[Records from a data source]
□ □ □ □ □

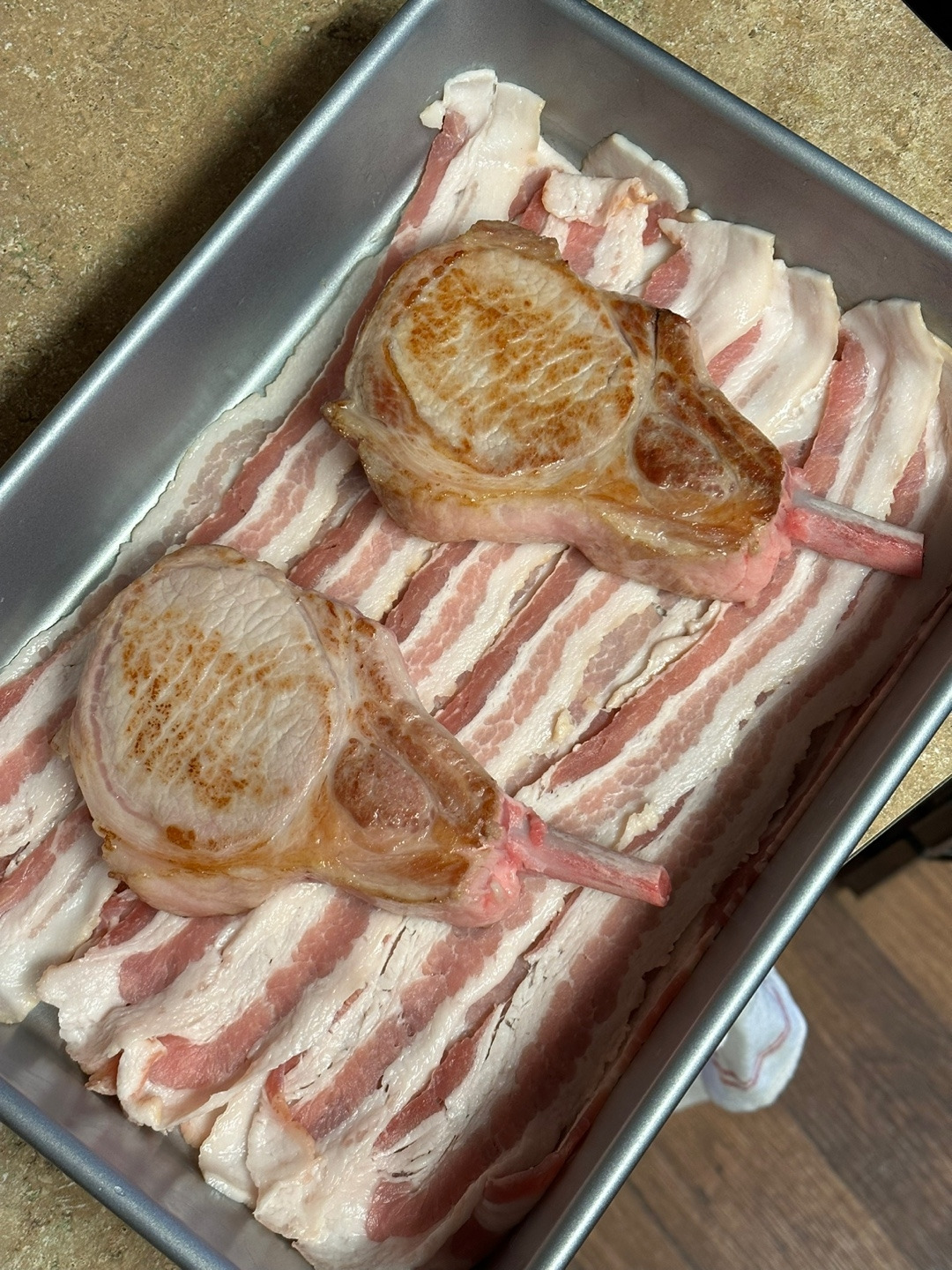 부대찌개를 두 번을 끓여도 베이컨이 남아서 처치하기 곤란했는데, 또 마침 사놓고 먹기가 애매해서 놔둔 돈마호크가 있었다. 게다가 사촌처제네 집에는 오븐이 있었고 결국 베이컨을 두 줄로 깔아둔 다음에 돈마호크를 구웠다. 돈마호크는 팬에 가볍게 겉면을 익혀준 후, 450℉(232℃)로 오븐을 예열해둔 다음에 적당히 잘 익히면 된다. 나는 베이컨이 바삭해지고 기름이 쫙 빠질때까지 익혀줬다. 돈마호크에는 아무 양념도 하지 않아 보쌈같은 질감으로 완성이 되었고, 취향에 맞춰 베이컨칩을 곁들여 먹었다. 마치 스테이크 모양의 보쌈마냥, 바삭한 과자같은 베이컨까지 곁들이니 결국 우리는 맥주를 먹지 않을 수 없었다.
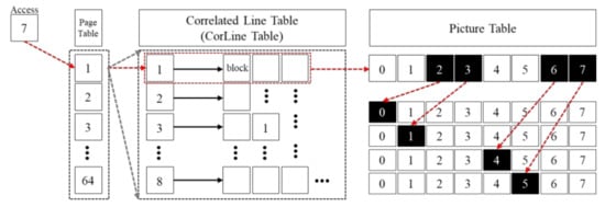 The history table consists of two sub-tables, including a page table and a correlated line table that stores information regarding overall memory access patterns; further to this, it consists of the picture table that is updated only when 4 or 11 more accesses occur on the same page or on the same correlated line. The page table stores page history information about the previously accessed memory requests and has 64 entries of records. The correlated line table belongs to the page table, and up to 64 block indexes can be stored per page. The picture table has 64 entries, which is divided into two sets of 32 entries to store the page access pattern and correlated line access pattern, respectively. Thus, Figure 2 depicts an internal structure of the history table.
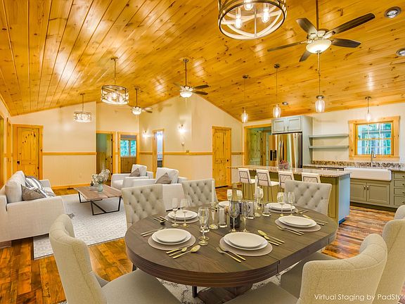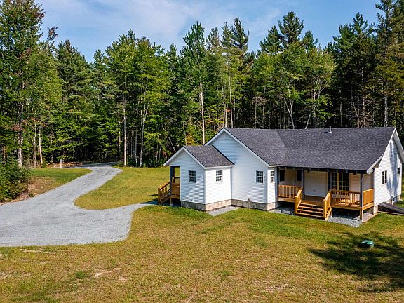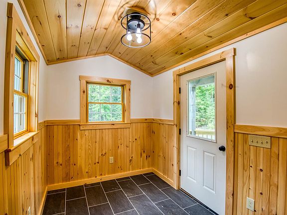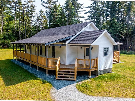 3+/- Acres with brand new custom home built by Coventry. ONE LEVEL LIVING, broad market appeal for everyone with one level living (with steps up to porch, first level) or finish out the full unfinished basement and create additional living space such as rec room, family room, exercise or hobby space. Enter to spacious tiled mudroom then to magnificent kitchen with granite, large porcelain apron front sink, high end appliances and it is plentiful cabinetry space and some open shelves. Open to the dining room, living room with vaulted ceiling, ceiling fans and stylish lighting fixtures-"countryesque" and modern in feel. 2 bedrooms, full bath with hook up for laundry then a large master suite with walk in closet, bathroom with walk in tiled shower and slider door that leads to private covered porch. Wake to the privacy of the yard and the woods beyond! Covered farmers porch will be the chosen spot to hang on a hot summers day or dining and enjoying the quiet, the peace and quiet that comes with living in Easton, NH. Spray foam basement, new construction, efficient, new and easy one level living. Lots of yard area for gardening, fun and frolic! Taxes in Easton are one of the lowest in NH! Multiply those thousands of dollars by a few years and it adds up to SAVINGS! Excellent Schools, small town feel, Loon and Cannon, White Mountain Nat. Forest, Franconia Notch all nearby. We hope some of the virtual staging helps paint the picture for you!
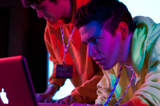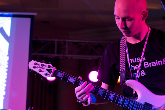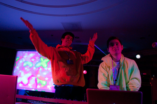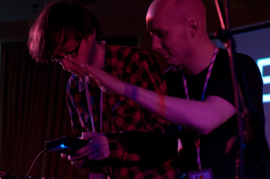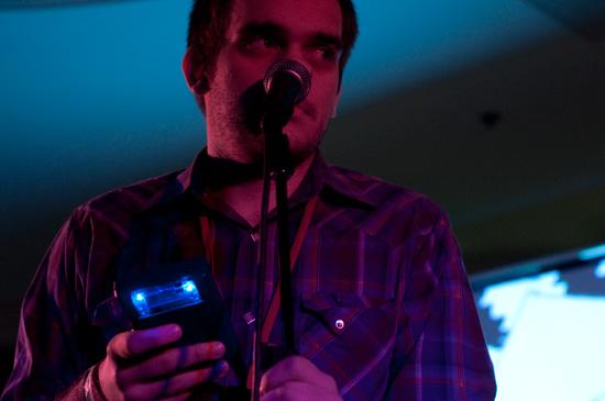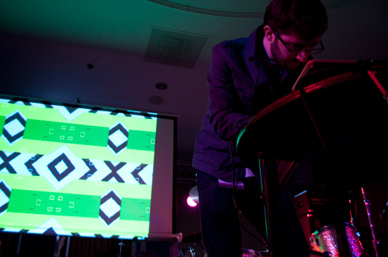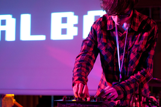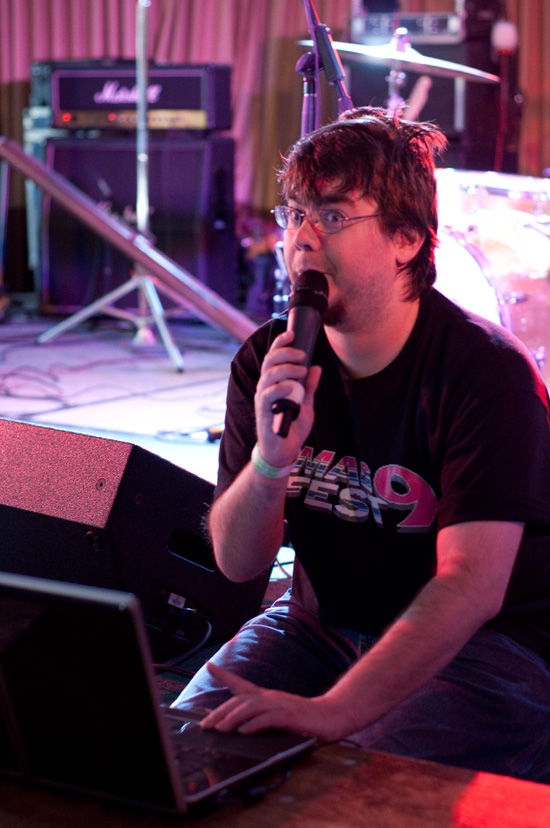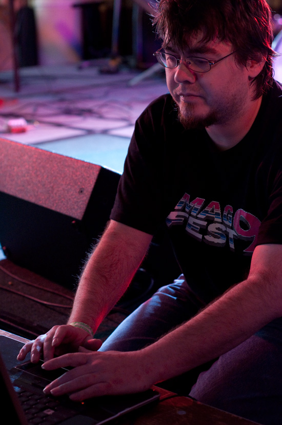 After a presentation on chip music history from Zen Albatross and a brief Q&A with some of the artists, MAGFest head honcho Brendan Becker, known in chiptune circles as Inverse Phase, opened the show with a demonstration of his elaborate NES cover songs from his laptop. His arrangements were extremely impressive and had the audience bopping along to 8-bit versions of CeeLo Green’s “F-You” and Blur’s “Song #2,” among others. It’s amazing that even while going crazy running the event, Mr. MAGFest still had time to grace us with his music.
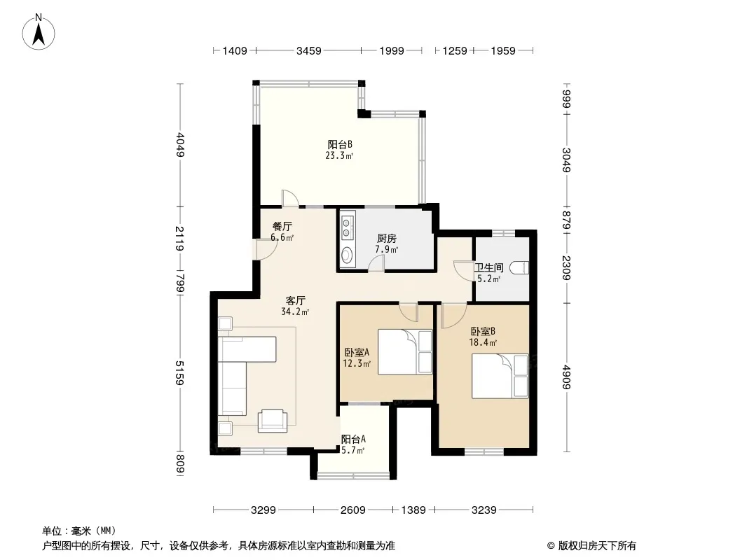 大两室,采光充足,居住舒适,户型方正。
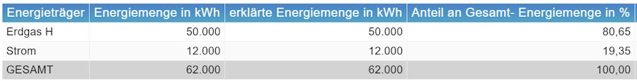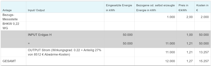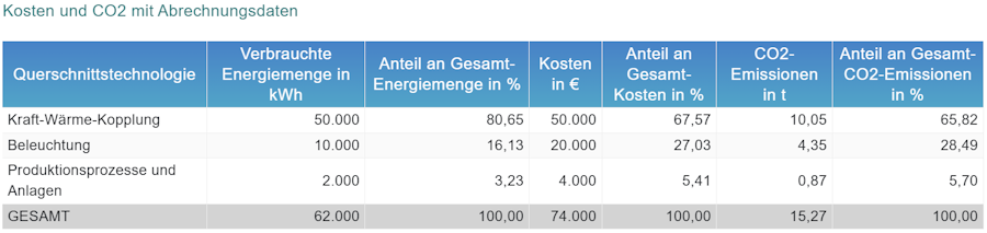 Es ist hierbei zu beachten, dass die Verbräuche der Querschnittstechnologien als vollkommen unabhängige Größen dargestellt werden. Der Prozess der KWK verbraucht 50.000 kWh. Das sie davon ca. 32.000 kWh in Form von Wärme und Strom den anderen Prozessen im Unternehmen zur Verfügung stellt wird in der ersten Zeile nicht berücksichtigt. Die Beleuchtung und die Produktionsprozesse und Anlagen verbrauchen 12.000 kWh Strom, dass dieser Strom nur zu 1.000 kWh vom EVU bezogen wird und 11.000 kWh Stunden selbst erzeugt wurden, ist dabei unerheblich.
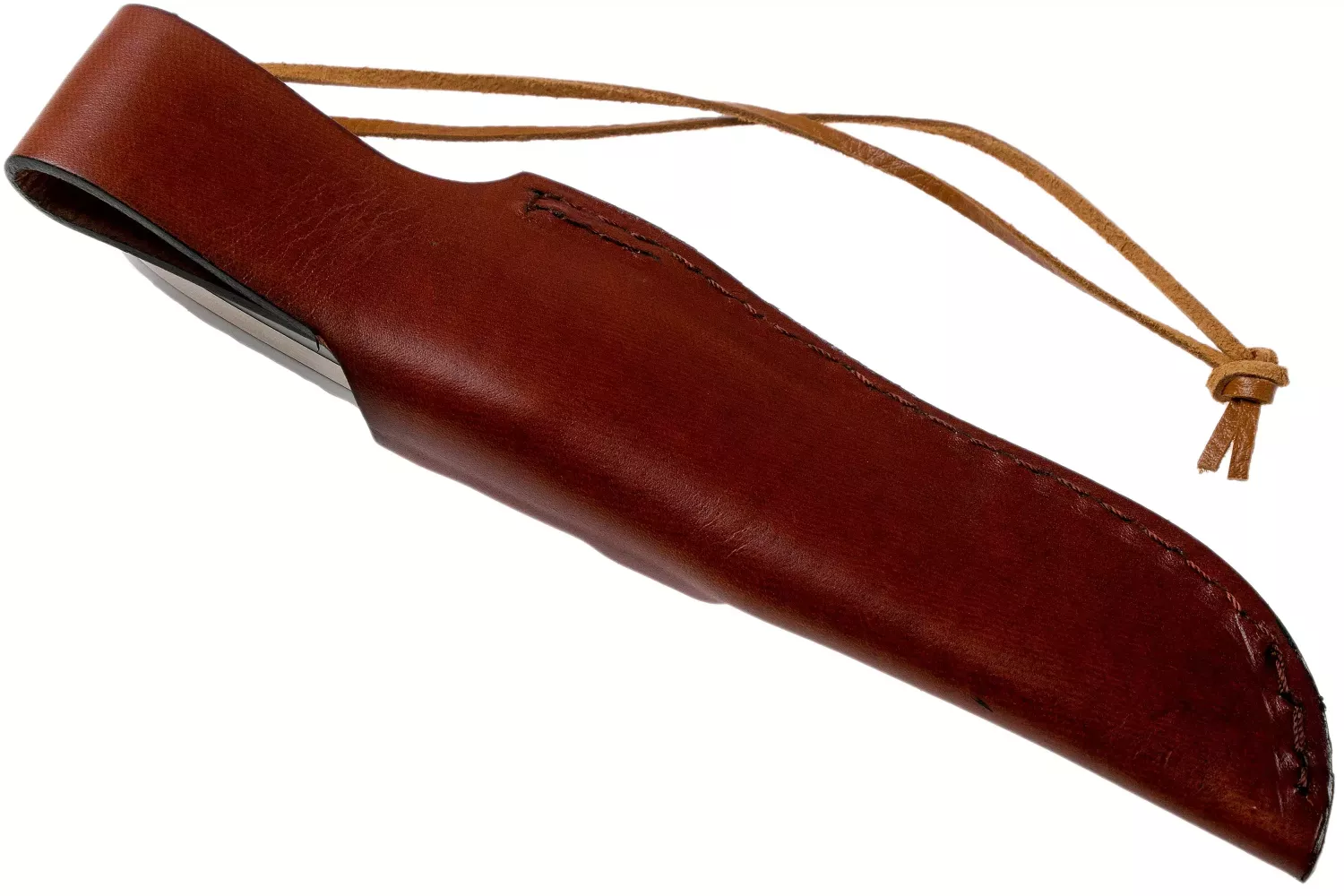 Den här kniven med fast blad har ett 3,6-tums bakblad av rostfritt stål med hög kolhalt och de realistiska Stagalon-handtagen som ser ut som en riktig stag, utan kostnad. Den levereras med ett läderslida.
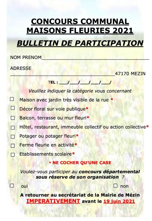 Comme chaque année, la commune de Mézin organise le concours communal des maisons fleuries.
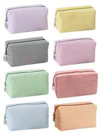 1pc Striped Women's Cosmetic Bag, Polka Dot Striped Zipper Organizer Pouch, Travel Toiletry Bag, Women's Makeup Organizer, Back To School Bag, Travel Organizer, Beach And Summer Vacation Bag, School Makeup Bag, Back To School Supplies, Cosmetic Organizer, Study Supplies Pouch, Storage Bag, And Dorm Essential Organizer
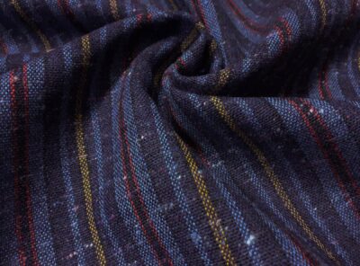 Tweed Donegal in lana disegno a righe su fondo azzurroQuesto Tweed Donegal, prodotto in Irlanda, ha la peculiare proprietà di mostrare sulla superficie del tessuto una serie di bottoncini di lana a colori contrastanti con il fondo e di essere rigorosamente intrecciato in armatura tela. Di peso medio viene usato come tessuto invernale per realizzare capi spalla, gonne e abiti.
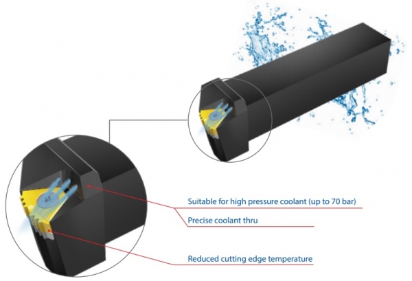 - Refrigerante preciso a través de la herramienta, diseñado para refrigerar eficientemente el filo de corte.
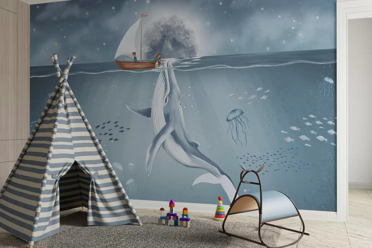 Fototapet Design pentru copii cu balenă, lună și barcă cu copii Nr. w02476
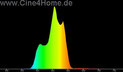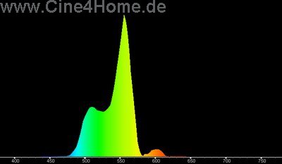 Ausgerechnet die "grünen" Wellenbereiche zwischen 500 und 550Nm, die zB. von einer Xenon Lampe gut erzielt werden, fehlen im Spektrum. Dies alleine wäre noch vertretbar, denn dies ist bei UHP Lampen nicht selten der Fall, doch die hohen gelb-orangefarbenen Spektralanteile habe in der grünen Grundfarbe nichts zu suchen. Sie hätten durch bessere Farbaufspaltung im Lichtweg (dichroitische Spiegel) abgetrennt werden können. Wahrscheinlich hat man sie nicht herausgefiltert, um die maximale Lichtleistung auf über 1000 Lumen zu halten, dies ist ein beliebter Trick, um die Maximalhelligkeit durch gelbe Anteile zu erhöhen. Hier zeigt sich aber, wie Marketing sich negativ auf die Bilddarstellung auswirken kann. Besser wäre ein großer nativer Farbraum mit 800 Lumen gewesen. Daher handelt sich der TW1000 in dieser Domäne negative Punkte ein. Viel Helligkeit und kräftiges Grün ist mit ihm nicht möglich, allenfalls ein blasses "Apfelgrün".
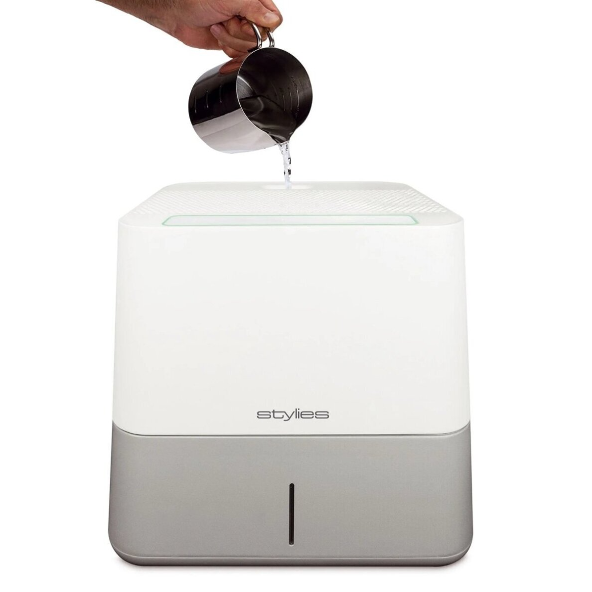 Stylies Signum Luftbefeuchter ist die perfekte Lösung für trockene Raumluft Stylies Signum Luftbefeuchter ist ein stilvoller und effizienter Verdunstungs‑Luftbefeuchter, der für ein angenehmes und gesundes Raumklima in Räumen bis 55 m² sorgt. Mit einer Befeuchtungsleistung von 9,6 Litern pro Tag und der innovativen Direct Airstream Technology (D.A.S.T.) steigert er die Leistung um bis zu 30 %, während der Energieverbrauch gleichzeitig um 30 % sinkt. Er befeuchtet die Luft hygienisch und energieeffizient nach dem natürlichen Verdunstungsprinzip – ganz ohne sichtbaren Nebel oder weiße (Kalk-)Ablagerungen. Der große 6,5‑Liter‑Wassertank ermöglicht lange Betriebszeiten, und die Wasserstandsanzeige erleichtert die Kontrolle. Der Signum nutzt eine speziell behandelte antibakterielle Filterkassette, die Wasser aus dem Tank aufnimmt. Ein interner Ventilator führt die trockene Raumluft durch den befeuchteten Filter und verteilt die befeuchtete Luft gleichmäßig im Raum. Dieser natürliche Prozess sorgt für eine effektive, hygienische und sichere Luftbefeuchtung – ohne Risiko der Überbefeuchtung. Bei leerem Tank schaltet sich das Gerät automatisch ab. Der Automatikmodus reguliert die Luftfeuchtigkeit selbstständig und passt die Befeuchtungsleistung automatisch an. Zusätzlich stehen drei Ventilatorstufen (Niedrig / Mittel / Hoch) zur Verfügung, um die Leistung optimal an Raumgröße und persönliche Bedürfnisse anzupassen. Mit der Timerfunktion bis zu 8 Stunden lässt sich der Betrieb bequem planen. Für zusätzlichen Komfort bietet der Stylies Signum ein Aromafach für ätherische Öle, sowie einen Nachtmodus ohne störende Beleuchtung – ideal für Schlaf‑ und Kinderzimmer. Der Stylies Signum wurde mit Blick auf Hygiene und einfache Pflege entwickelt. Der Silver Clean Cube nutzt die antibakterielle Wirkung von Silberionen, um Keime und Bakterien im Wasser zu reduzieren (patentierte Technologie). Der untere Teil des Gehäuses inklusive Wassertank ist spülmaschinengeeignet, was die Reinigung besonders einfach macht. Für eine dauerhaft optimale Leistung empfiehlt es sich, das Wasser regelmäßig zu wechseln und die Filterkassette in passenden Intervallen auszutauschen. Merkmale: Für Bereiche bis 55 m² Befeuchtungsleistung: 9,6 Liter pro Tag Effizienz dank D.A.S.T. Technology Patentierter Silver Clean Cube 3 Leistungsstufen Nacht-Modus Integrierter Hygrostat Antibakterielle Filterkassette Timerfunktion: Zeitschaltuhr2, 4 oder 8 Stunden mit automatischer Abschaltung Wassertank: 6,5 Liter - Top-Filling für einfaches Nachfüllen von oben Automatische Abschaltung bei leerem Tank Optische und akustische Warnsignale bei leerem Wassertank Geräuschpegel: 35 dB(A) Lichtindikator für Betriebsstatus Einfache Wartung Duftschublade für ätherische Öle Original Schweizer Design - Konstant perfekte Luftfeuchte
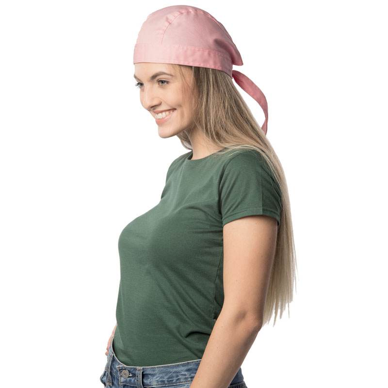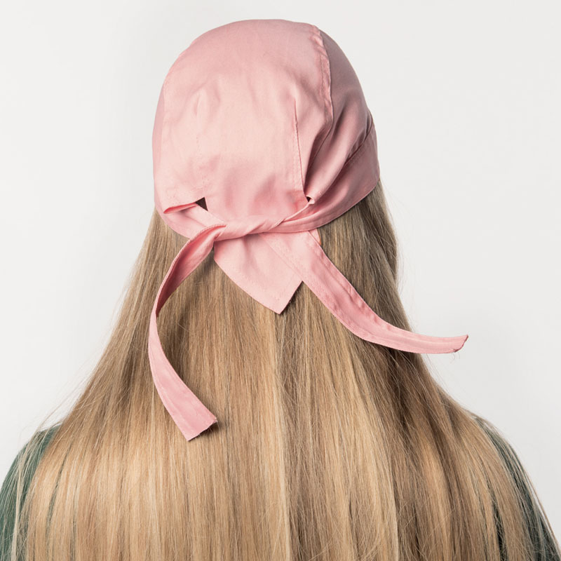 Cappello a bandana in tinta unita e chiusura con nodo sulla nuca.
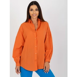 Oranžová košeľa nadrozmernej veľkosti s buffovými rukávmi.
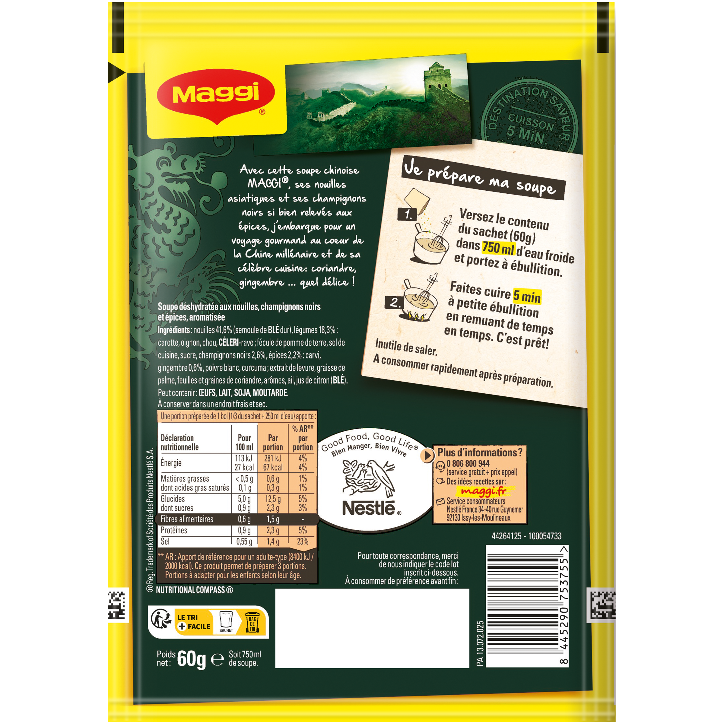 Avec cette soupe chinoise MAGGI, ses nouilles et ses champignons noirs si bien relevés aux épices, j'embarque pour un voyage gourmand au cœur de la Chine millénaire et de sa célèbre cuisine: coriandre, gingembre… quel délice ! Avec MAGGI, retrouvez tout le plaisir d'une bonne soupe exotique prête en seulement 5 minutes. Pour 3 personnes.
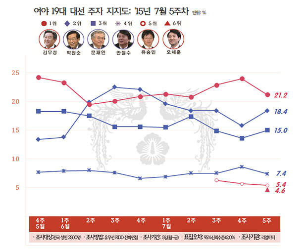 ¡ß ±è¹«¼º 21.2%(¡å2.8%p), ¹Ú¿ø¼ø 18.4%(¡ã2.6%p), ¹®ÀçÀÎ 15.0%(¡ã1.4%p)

□ □ □ □ □

> [Required work] Exactly the lines from the one that contains "Cappello a bandana" to the last line of the data, both included, should be set down, and no pictures should appear among them.

> [Answer to this exercise]
 Cappello a bandana in tinta unita e chiusura con nodo sulla nuca.
 Oranžová košeľa nadrozmernej veľkosti s buffovými rukávmi.
 Avec cette soupe chinoise MAGGI, ses nouilles et ses champignons noirs si bien relevés aux épices, j'embarque pour un voyage gourmand au cœur de la Chine millénaire et de sa célèbre cuisine: coriandre, gingembre… quel délice ! Avec MAGGI, retrouvez tout le plaisir d'une bonne soupe exotique prête en seulement 5 minutes. Pour 3 personnes.
 ¡ß ±è¹«¼º 21.2%(¡å2.8%p), ¹Ú¿ø¼ø 18.4%(¡ã2.6%p), ¹®ÀçÀÎ 15.0%(¡ã1.4%p)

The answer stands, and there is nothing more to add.